Available data
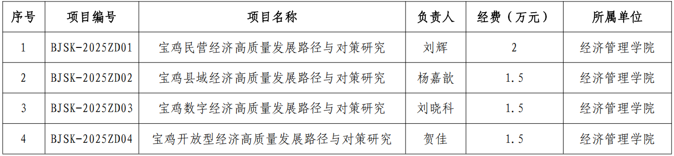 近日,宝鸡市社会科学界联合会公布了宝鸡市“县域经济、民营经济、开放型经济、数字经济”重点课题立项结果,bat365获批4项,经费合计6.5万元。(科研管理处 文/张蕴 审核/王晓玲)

--

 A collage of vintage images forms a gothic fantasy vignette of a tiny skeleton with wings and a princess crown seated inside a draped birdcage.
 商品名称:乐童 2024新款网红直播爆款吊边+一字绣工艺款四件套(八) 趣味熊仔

What is being asked
Please copy, exactly and with nothing else, the lines above beginning at the line that has "A collage of" and ending with the line that has "商品名称:乐童 2024新款网红直播爆款吊边+一字绣工艺款四件套(八) 趣味熊仔".

Answer box
 A collage of vintage images forms a gothic fantasy vignette of a tiny skeleton with wings and a princess crown seated inside a draped birdcage.
 商品名称:乐童 2024新款网红直播爆款吊边+一字绣工艺款四件套(八) 趣味熊仔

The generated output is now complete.